== The records ==
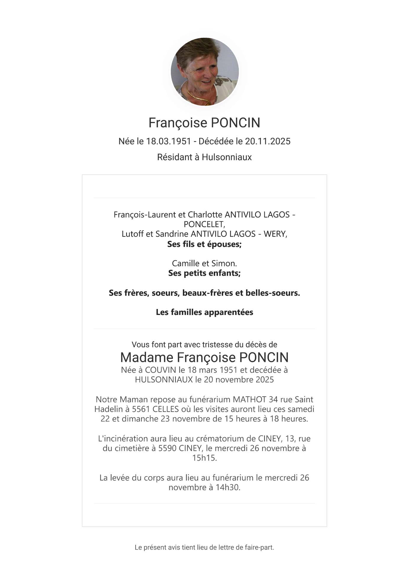 Fallecida en Hulsonniaux (5560, Bélgica) el jueves, 20 de noviembre de 2025 a la edad de 74 años
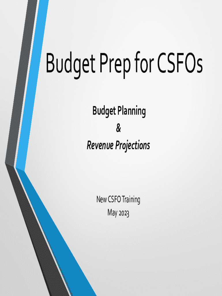 Budget Prep for CUFOS Budget Planning & Revenue Projections CFO Training May 2023What is a Budget? A Forecast / A Projection. Be Wise Use Available Data Be Conservative Be RealisticMulti Year budget
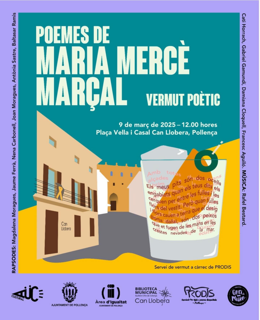 Dins el marc de la programació del mes de la dona, hi haurà un Vermut Poètic en homenatge a l’escriptora i activitats Maria Mercè Marçal. A les 12 hores, a Can Llobera, Aüc Cultural oferirà un lectura dramatitzada de poemes de Maria Mercè Marçal i, en acabar, hi haurà vermutada a càrrec de Prodis amb la col·laboració de Galletes Gori.
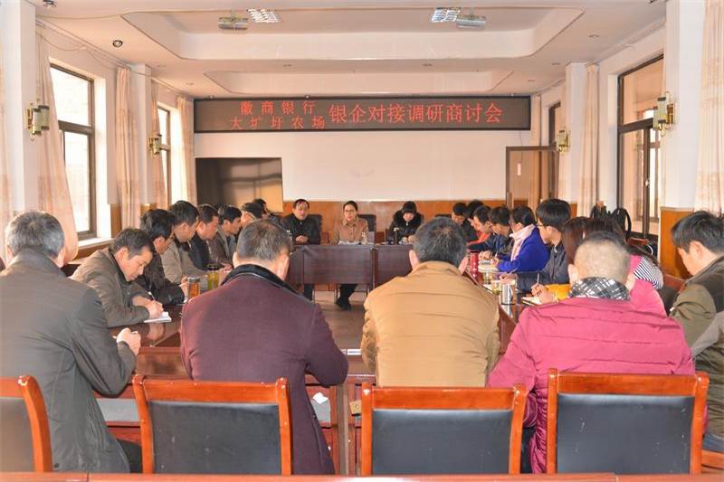226,徽商銀行合肥分行及五里墩支行領導到安徽大壙圩農場開展銀企合作對接,現場研討三農金融服務,并實地調研了場屬重點涉農單位。省農墾集團財務部負責同志及財務總監,農場領導汪登松及各涉農單位負責人、種糧大戶共30多人參加會商研討。
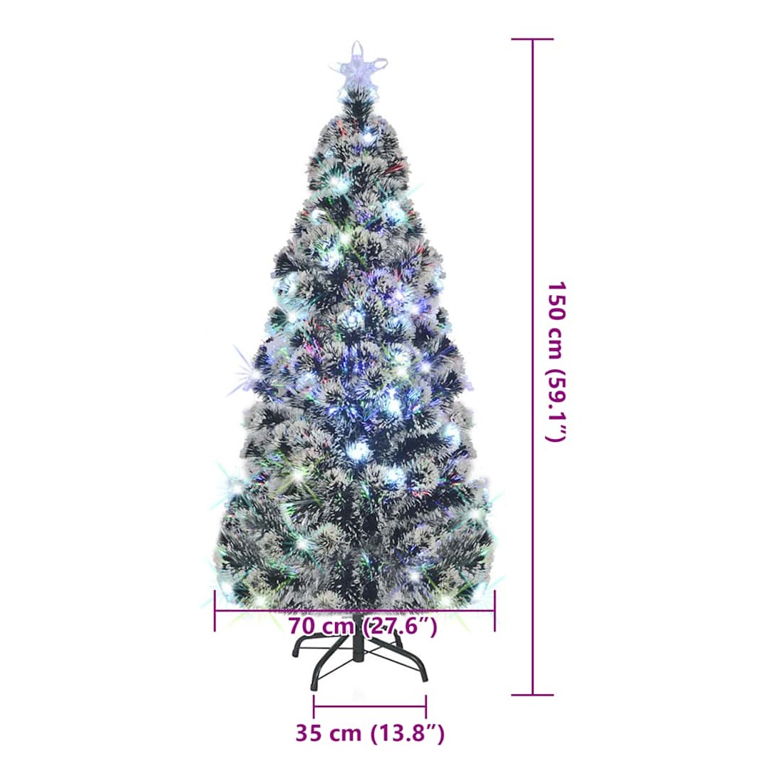 Arbre de Noël pré-éclairé avec support et LED 150 cm fibre optique
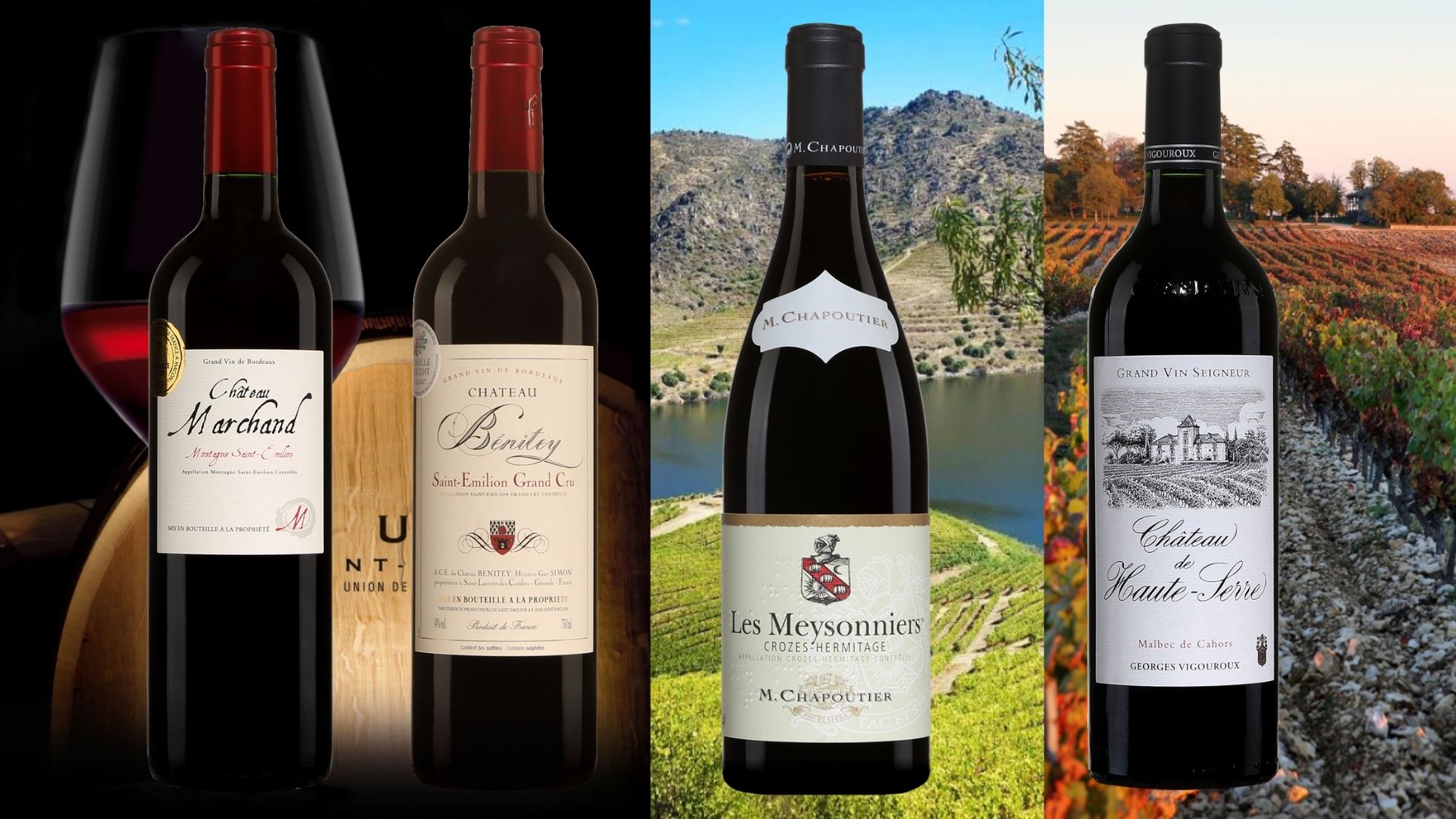 Je vous suggère quatre vins rouges de qualité de l’appellation Saint-Émilion dont un Montagne Saint-Émilion et un Grand Cru, de l’appellation Crozes-Hermitage une de mes préférées dans la Vallée du Rhône et de l’appellation Cahors avec un vin issu du Malbec.
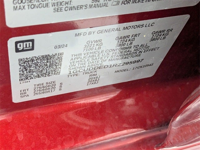 Well equipped with: All Star Edition Plus (Wheels: 20 x 9 Painted Aluminum), Convenience Package (10-Way Power Driver Seat w/Lumbar, 120-Volt Bed Mounted Power Outlet, 120-Volt Interior Power Outlet, Dual Rear USB Ports (Charge Only), Dual-Zone Automatic Climate Control, Heated Driver & Front Outboard Passenger Seats, Heated Steering Wheel, Keyless Open & Start, and Wrapped Steering Wheel), Convenience Package II (Hitch Guidance w/Hitch View, In-Vehicle Trailering System App, Integrated Trailer Brake Controller, Power Sliding Rear Window w/Rear Defogger, and Universal Home Remote), Leather Package (Leather-Appointed Front Seat Trim), Preferred Equipment Group 1LT (12.3 Multicolor Reconfigurable Digital Display, All-Star Edition, Auto-Locking Rear Differential, Bluetooth® For Phone, Chevrolet Connected Access Capable, Chrome Mirror Caps, Color-Keyed Carpeting Floor Covering, Deep-Tinted Glass, Electrical Steering Column Lock, Electronic Cruise Control, EZ Lift Power Lock & Release Tailgate, Front Frame-Mounted Black Recovery Hooks, Front Rubberized Vinyl Floor Mats, HD Rear Vision Camera, Heated Power-Adjustable Outside Mirrors, Inside Rear-View Mirror w/Tilt, LED Cargo Area Lighting, OnStar & Chevrolet Connected Services Capable, Power Front Windows w/Driver Express Up/Down, Power Front Windows w/Passenger Express Down, Power Rear Windows w/Express Down, Rear 60/40 Folding Bench Seat (Folds Up), Rear Rubberized-Vinyl Floor Mats, SiriusXM w/360L, Standard Tailgate, Steering Wheel Audio Controls, and Wi-Fi Hot Spot Capable), Remote Start Package (Electric Rear-Window Defogger, Remote Vehicle Starter System, and Theft Deterrent System (Unauthorized Entry)), Standard Suspension Package, Trailering Package (Hitch Guidance), Up-Level Rear Seat w/Storage Package, Z71 Off-Road Package (Dual Exhaust w/Polished Outlets, Heavy-Duty Air Filter, Hill Descent Control, Off-Road Suspension, and Wheels: 18 x 8.5 Bright Silver Painted Aluminum), 10-Speed Automatic, 4WD, Black Leather, 170 Amp Alternator, 2 USB Data Ports, 220 Amp Alternator, 3.23 Rear Axle Ratio, 4-Wheel Disc Brakes, 40/20/40 Front Split-Bench Seat, 6 Speakers, 6-Speaker Audio System, ABS brakes, Air Conditioning, Alloy wheels, AM/FM radio: SiriusXM with 360L, Auto High-beam Headlights, Automatic Emergency Braking, Automatic temperature control, Auxiliary External Transmission Oil Cooler, Brake assist, Bumpers: chrome, Cloth Seat Trim, Compass, Delay-off headlights, Driver door bin, Driver vanity mirror, Dual front impact airbags, Dual front side impact airbags, Electronic Stability Control, Electronic Transmission Range Selector Shifter, External Engine Oil Cooler, Floor Mounted Center Console, Following Distance Indicator, Forward Collision Alert, Front anti-roll bar, Front Bucket Seats, Front Center Armrest w/Storage, Front dual zone A/C, Front Pedestrian Braking, Front reading lights, Front wheel independent suspension, Fully automatic headlights, Heated door mirrors, Heated front seats, Heated steering wheel, Illuminated entry, IntelliBeam Automatic High Beam On/Off, Lane Keep Assist w/Lane Departure Warning, Low tire pressure warning, Occupant sensing airbag, Outside temperature display, Overhead airbag, Overhead console, Panic alarm, Passenger door bin, Passenger vanity mirror, Power door mirrors, Power driver seat, Power steering, Power windows, Premium audio system: Chevrolet Infotainment 3 Premium, Radio data system, Radio: Chevrolet Infotainment 3 Premium System, Rear reading lights, Rear step bumper, Rear window defroster, Remote keyless entry, Security system, Speed control, Speed-sensing steering, Split folding rear seat, Steering wheel mounted audio controls, Tachometer, Telescoping steering wheel, Tilt steering wheel, Traction control, Trip computer, Variably intermittent wipers, Voltmeter, Wheels: 17 x 8 Bright Silver Painted Aluminum, and Wireless Ch
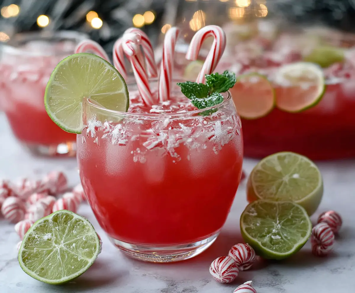 Sprinkle some crushed candy canes on top for a sweet crunch and add a lime slice on the rim of each glass. This little touch makes it look extra special!
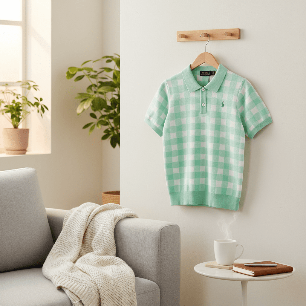 Ralph Lauren Polo Mint Green Check Knit Polo Shirt with classic collar and pony logo, breathable and comfy, unisex casual wear showcasing iconic American style.
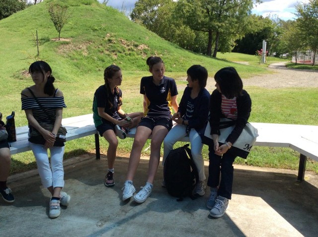 午後は、体育の授業に参加して、バレーやサッカー、クリケットをやりました。サッカーで、ヒルズの生徒 対 開誠館の生徒で試合をして、勝ったのですごく喜んでいました。また、英語の教科書等にも出てくるクリケットを実際にやることができて、嬉しかったようです。
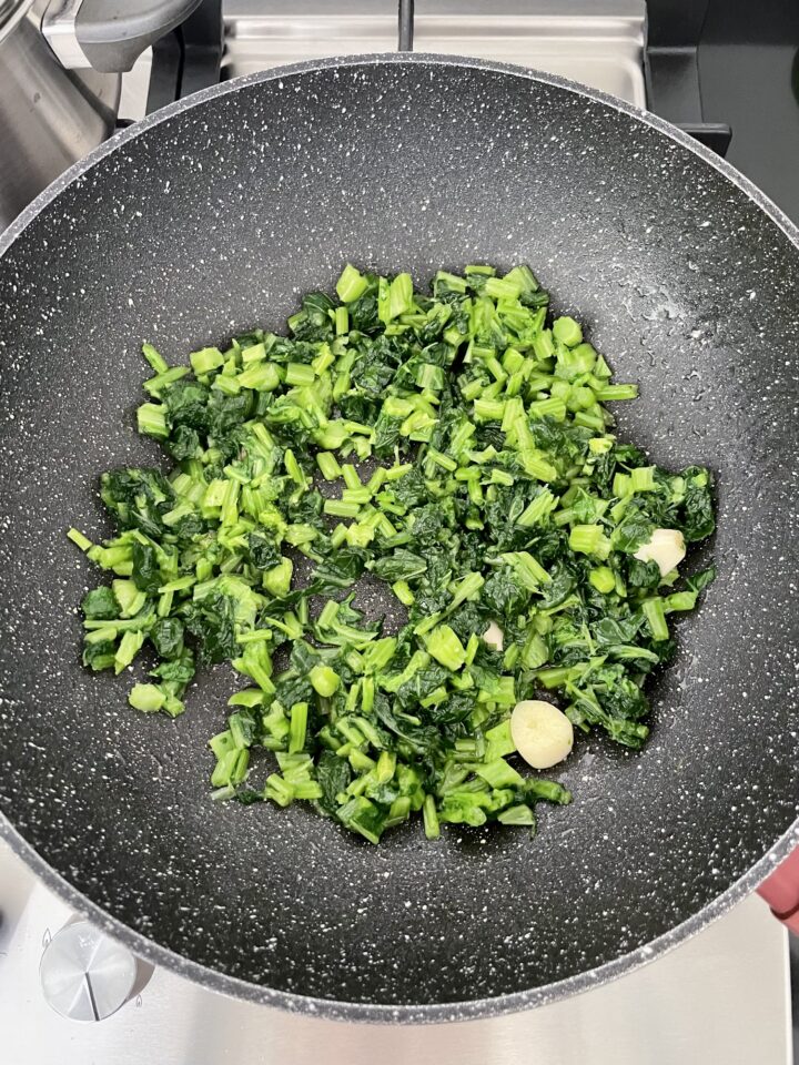 Ripassatele in padella per pochi minuti, con un filo di olio, uno spicchio d’aglio e un pizzico di peperoncino a piacere (1). Regolate di sale, poi spegnete e lasciate raffreddare.
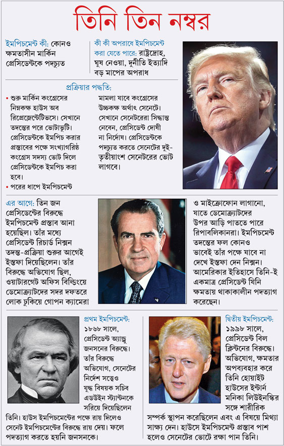 তবে তাঁর পূর্বসূরি, ৪২তম প্রেসিডেন্ট বিল ক্লিন্টনের মতো ট্রাম্পও গদি হারাবেন না বলেই মনে করা হচ্ছে। কারণ এর পরের ধাপে ইমপিচমেন্ট প্রক্রিয়া যাবে সেনেটে। হাউসের এই উচ্চকক্ষ রিপাবলিকানদের দখলে। ফলে সেখানে রিপাবলিকান প্রেসিডেন্টকে সরিয়ে দেওয়ার প্রস্তাবে দুই-তৃতীয়াংশ সেনেটর ভোট দেওয়ার সম্ভাবনা কম। বুধবার যে হাউস অব রিপ্রেজ়েন্টেটিভসে ট্রাম্পকে ইমপিচ করার প্রস্তাব গৃহীত হয়েছে, সেটি ডেমোক্র্যাটদের দখলে।
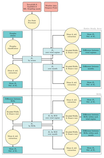 Throughout the data stack, the values within each ROI were averaged per scene. In the next step, the averaged values were summed up and divided by the total number of scenes. The resulting mean significant wave heights per ROI were compared using the Kruskal–Wallis and Dunn’s tests. Each ROI was treated as one group resulting in 7 groups of 175 measurements (total number of scenes). A similar procedure was used for the variable analysis. In this case, the Kruskal–Wallis and Dunn’s tests were applied to the ROIs within each class rather than between the variables.
===
-- Your assignment --
All of the records above are to be written out exactly, minus their images.

-- Output of the exercise --
 Fallecida en Hulsonniaux (5560, Bélgica) el jueves, 20 de noviembre de 2025 a la edad de 74 años
 Budget Prep for CUFOS Budget Planning & Revenue Projections CFO Training May 2023What is a Budget? A Forecast / A Projection. Be Wise Use Available Data Be Conservative Be RealisticMulti Year budget
 Dins el marc de la programació del mes de la dona, hi haurà un Vermut Poètic en homenatge a l’escriptora i activitats Maria Mercè Marçal. A les 12 hores, a Can Llobera, Aüc Cultural oferirà un lectura dramatitzada de poemes de Maria Mercè Marçal i, en acabar, hi haurà vermutada a càrrec de Prodis amb la col·laboració de Galletes Gori.
226,徽商銀行合肥分行及五里墩支行領導到安徽大壙圩農場開展銀企合作對接,現場研討三農金融服務,并實地調研了場屬重點涉農單位。省農墾集團財務部負責同志及財務總監,農場領導汪登松及各涉農單位負責人、種糧大戶共30多人參加會商研討。
 Arbre de Noël pré-éclairé avec support et LED 150 cm fibre optique
 Je vous suggère quatre vins rouges de qualité de l’appellation Saint-Émilion dont un Montagne Saint-Émilion et un Grand Cru, de l’appellation Crozes-Hermitage une de mes préférées dans la Vallée du Rhône et de l’appellation Cahors avec un vin issu du Malbec.
 Well equipped with: All Star Edition Plus (Wheels: 20 x 9 Painted Aluminum), Convenience Package (10-Way Power Driver Seat w/Lumbar, 120-Volt Bed Mounted Power Outlet, 120-Volt Interior Power Outlet, Dual Rear USB Ports (Charge Only), Dual-Zone Automatic Climate Control, Heated Driver & Front Outboard Passenger Seats, Heated Steering Wheel, Keyless Open & Start, and Wrapped Steering Wheel), Convenience Package II (Hitch Guidance w/Hitch View, In-Vehicle Trailering System App, Integrated Trailer Brake Controller, Power Sliding Rear Window w/Rear Defogger, and Universal Home Remote), Leather Package (Leather-Appointed Front Seat Trim), Preferred Equipment Group 1LT (12.3 Multicolor Reconfigurable Digital Display, All-Star Edition, Auto-Locking Rear Differential, Bluetooth® For Phone, Chevrolet Connected Access Capable, Chrome Mirror Caps, Color-Keyed Carpeting Floor Covering, Deep-Tinted Glass, Electrical Steering Column Lock, Electronic Cruise Control, EZ Lift Power Lock & Release Tailgate, Front Frame-Mounted Black Recovery Hooks, Front Rubberized Vinyl Floor Mats, HD Rear Vision Camera, Heated Power-Adjustable Outside Mirrors, Inside Rear-View Mirror w/Tilt, LED Cargo Area Lighting, OnStar & Chevrolet Connected Services Capable, Power Front Windows w/Driver Express Up/Down, Power Front Windows w/Passenger Express Down, Power Rear Windows w/Express Down, Rear 60/40 Folding Bench Seat (Folds Up), Rear Rubberized-Vinyl Floor Mats, SiriusXM w/360L, Standard Tailgate, Steering Wheel Audio Controls, and Wi-Fi Hot Spot Capable), Remote Start Package (Electric Rear-Window Defogger, Remote Vehicle Starter System, and Theft Deterrent System (Unauthorized Entry)), Standard Suspension Package, Trailering Package (Hitch Guidance), Up-Level Rear Seat w/Storage Package, Z71 Off-Road Package (Dual Exhaust w/Polished Outlets, Heavy-Duty Air Filter, Hill Descent Control, Off-Road Suspension, and Wheels: 18 x 8.5 Bright Silver Painted Aluminum), 10-Speed Automatic, 4WD, Black Leather, 170 Amp Alternator, 2 USB Data Ports, 220 Amp Alternator, 3.23 Rear Axle Ratio, 4-Wheel Disc Brakes, 40/20/40 Front Split-Bench Seat, 6 Speakers, 6-Speaker Audio System, ABS brakes, Air Conditioning, Alloy wheels, AM/FM radio: SiriusXM with 360L, Auto High-beam Headlights, Automatic Emergency Braking, Automatic temperature control, Auxiliary External Transmission Oil Cooler, Brake assist, Bumpers: chrome, Cloth Seat Trim, Compass, Delay-off headlights, Driver door bin, Driver vanity mirror, Dual front impact airbags, Dual front side impact airbags, Electronic Stability Control, Electronic Transmission Range Selector Shifter, External Engine Oil Cooler, Floor Mounted Center Console, Following Distance Indicator, Forward Collision Alert, Front anti-roll bar, Front Bucket Seats, Front Center Armrest w/Storage, Front dual zone A/C, Front Pedestrian Braking, Front reading lights, Front wheel independent suspension, Fully automatic headlights, Heated door mirrors, Heated front seats, Heated steering wheel, Illuminated entry, IntelliBeam Automatic High Beam On/Off, Lane Keep Assist w/Lane Departure Warning, Low tire pressure warning, Occupant sensing airbag, Outside temperature display, Overhead airbag, Overhead console, Panic alarm, Passenger door bin, Passenger vanity mirror, Power door mirrors, Power driver seat, Power steering, Power windows, Premium audio system: Chevrolet Infotainment 3 Premium, Radio data system, Radio: Chevrolet Infotainment 3 Premium System, Rear reading lights, Rear step bumper, Rear window defroster, Remote keyless entry, Security system, Speed control, Speed-sensing steering, Split folding rear seat, Steering wheel mounted audio controls, Tachometer, Telescoping steering wheel, Tilt steering wheel, Traction control, Trip computer, Variably intermittent wipers, Voltmeter, Wheels: 17 x 8 Bright Silver Painted Aluminum, and Wireless Ch
 Sprinkle some crushed candy canes on top for a sweet crunch and add a lime slice on the rim of each glass. This little touch makes it look extra special!
 Ralph Lauren Polo Mint Green Check Knit Polo Shirt with classic collar and pony logo, breathable and comfy, unisex casual wear showcasing iconic American style.
 午後は、体育の授業に参加して、バレーやサッカー、クリケットをやりました。サッカーで、ヒルズの生徒 対 開誠館の生徒で試合をして、勝ったのですごく喜んでいました。また、英語の教科書等にも出てくるクリケットを実際にやることができて、嬉しかったようです。
 Ripassatele in padella per pochi minuti, con un filo di olio, uno spicchio d’aglio e un pizzico di peperoncino a piacere (1). Regolate di sale, poi spegnete e lasciate raffreddare.
 তবে তাঁর পূর্বসূরি, ৪২তম প্রেসিডেন্ট বিল ক্লিন্টনের মতো ট্রাম্পও গদি হারাবেন না বলেই মনে করা হচ্ছে। কারণ এর পরের ধাপে ইমপিচমেন্ট প্রক্রিয়া যাবে সেনেটে। হাউসের এই উচ্চকক্ষ রিপাবলিকানদের দখলে। ফলে সেখানে রিপাবলিকান প্রেসিডেন্টকে সরিয়ে দেওয়ার প্রস্তাবে দুই-তৃতীয়াংশ সেনেটর ভোট দেওয়ার সম্ভাবনা কম। বুধবার যে হাউস অব রিপ্রেজ়েন্টেটিভসে ট্রাম্পকে ইমপিচ করার প্রস্তাব গৃহীত হয়েছে, সেটি ডেমোক্র্যাটদের দখলে।
 Throughout the data stack, the values within each ROI were averaged per scene. In the next step, the averaged values were summed up and divided by the total number of scenes. The resulting mean significant wave heights per ROI were compared using the Kruskal–Wallis and Dunn’s tests. Each ROI was treated as one group resulting in 7 groups of 175 measurements (total number of scenes). A similar procedure was used for the variable analysis. In this case, the Kruskal–Wallis and Dunn’s tests were applied to the ROIs within each class rather than between the variables.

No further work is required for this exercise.